C.H.A.I.N. stitches 20 games into one horrific free collection
Rated S for Spooky.
Halloween's over. The pumpkins are packed away, the witches hats back in the wardrobe, but that doesn't mean the scares should end, right? This weekend, the indie spooksters working under the Haunted PS1 movement released their latest compilation, C.H.A.I.N. - a compilation of 20 wildly varied haunt 'em ups from over 20 developers, Frankenstein'd together for free into a single winding narrative anthology.
Curated by the co-creator of last year's brilliant, short pseudo-deathmatch No Players Online, C.H.A.I.N's wallet full of bite-sized horror shorts is free to check out over on Itch.io.
The premise of C.H.A.I.N (or Chronological Haunted Anomalous Interconnected Narrative) then, is in asking 20 developers to create 20 games with a single narrative throughline. The catch? At no point were they allowed to communicate with each other. Instead, the compilation was pieced together over half a year, exquisite-corpse style - each game developed in turn by following up on the one that came before.
Not that you'd even tell if you were flicking through the games at random. Each is wildly different in form and theme, pitch-black first-person labyrinths next to trippy platforming descents, with a horror twist on bloody Super Monkey Ball arriving completely out of leftfield.

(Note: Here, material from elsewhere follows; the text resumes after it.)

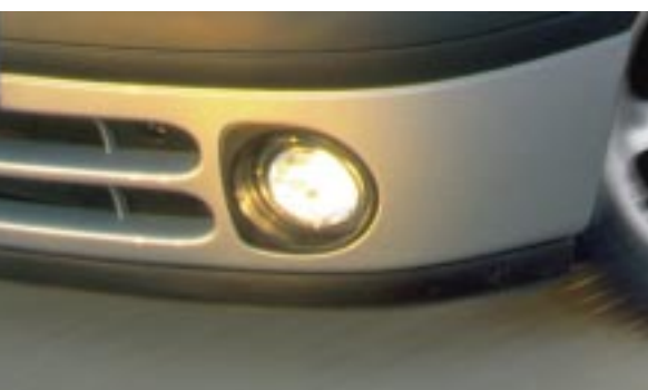
Nebelscheinwerfer Kompletter Satz inkl. Befestigungsmaterial. 77 01 410 517 429,90 DM · 219,80 €

Pay attention, though, and there's a thin connective thread running through each game. An NPC in Ms Blanch becomes the protagonist of The Participants, as places and plot threads stretch between genre and mood with each entry. There's an entire arc where you see a creature form from an egg-like tumour, slowly growing until you take control of the birthed, Xenomorph-like beast in Organ Of Eden - slashing scientists as you skitter back through the lab.
Each game is short, too, lasting maybe five or ten minutes. They're all framed within a delightful kind of CD wallet I haven't seen since I was wee - between this and the Haunted PS1 Demo Disk, the collective have established themselves as the last masters of slick frontends for game compilations.
Disclosure: Jazz Mickle, one of the many contributors to C.H.A.I.N, is a pal.